Error messages received by the central resource may be grouped by their identifying number and processed either automatically or manually to update the knowledge base and associated assistance provided to the user. The error information package may be provided in a secure format and sent to the relevant system resource.
PROPAGATION
Having generated an error information package, at step 34, the central resource propagates relevant information to any subsystem or program that may benefit from knowing about the occurrence of an error. The error information package may be sent to a corresponding web based error management resource. In addition, depending on the type of the error, error alert messages may be generated and propagated throughout the system. These messages are designed to create system alerts that indicate the system itself is experiencing a problem, such as a complete element failure or communications outage. Errors such as timeouts from delivery systems may in fact be used to dynamically switch those users from the resource that encountered the time out to another resource either locally or remotely.
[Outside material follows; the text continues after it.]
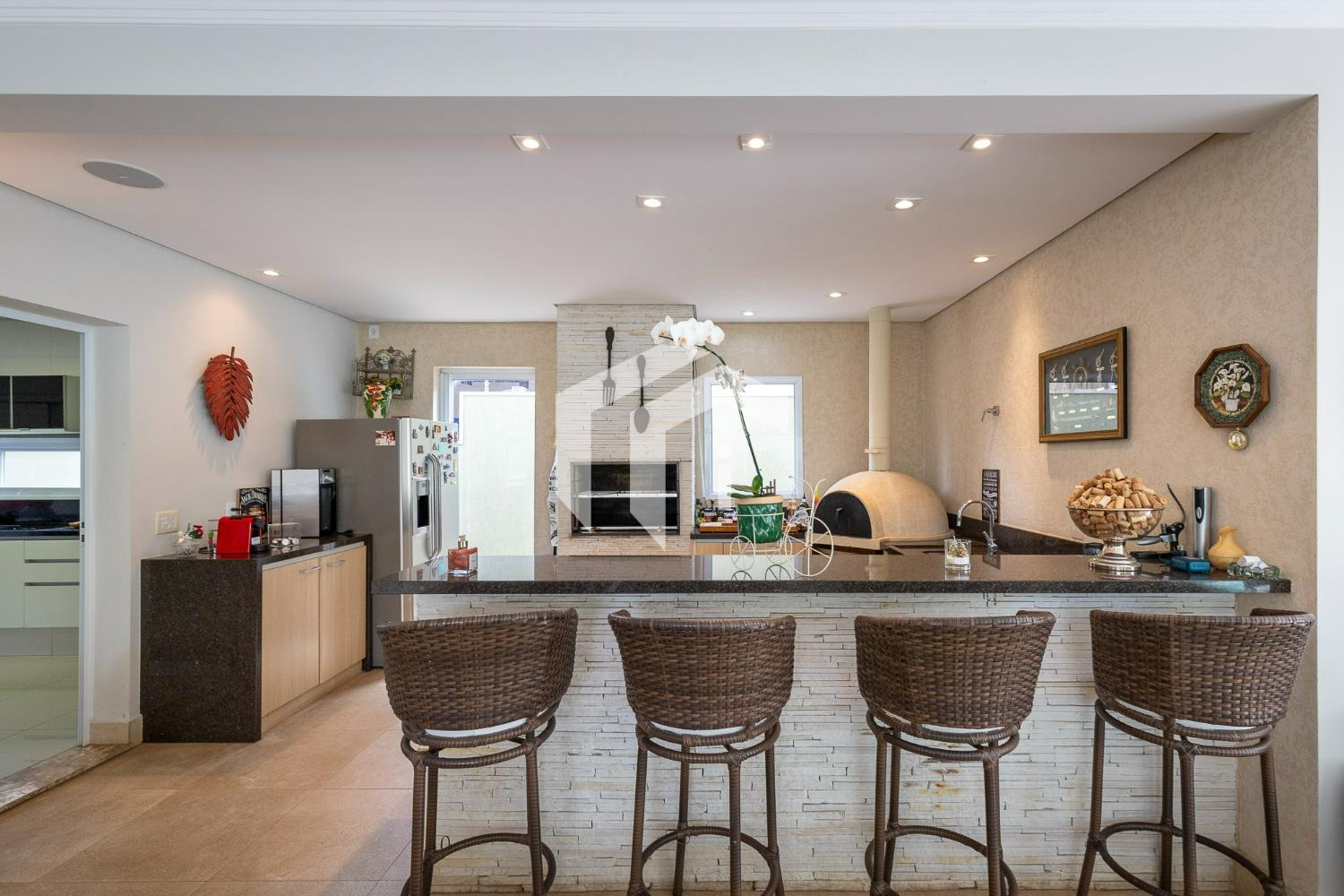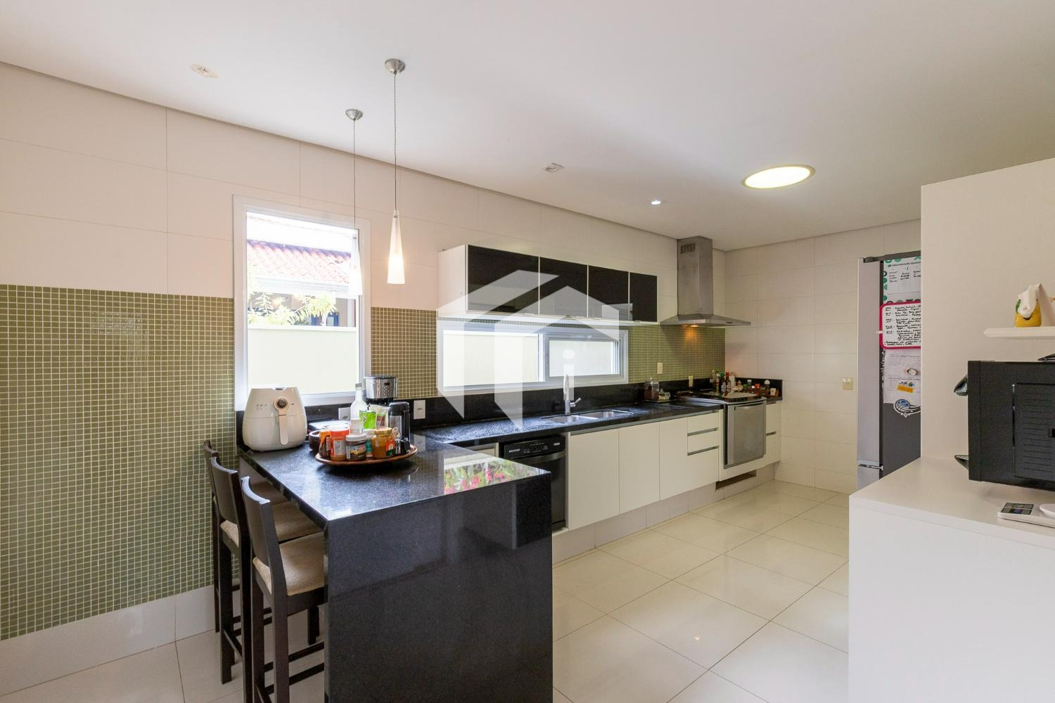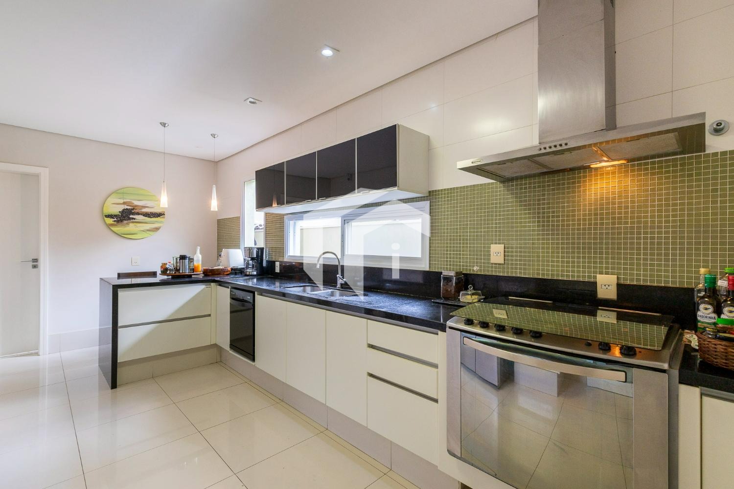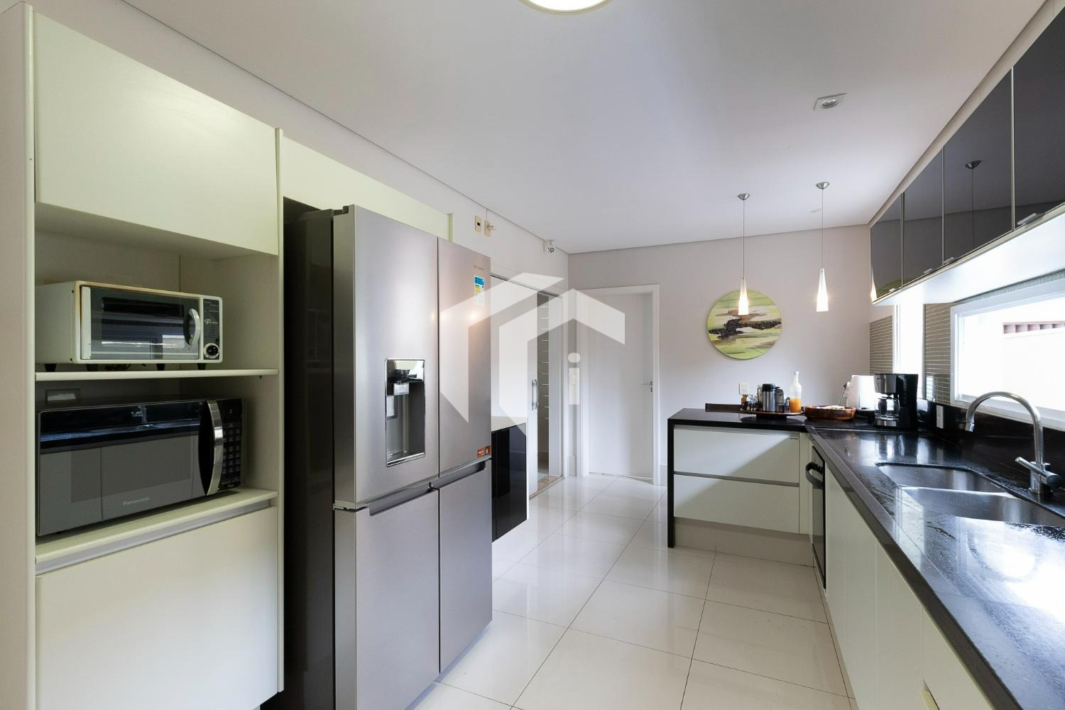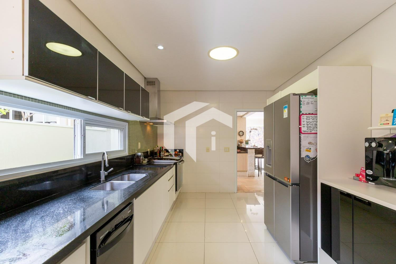 Ampla cozinha planejada com bancadas de apoio e despensa, mais, dependência completa de serviço.

The propagation of error alert messages to additional system elements may also cause the system to respond in a different manner depending on the nature of the error(s). The errors from one system element may cause a different system element to respond differently by potentially resetting another element or providing an instruction to another to act upon. This depends on the circumstances and architecture of each particular system. The error alert propagation provides the basis for integration of error handling into a comprehensive customer care solution that includes the network and supporting infrastructure.
RESOLUTION
The creation and propagation of the error information package and error alert messages may have a significant impact on the perceived and realized customer service. However, the ultimate goal is to resolve the error. The central resource therefore analyzes the error and provides a timely response to the user, even if that response only acts to inform the user of the problem they are experiencing.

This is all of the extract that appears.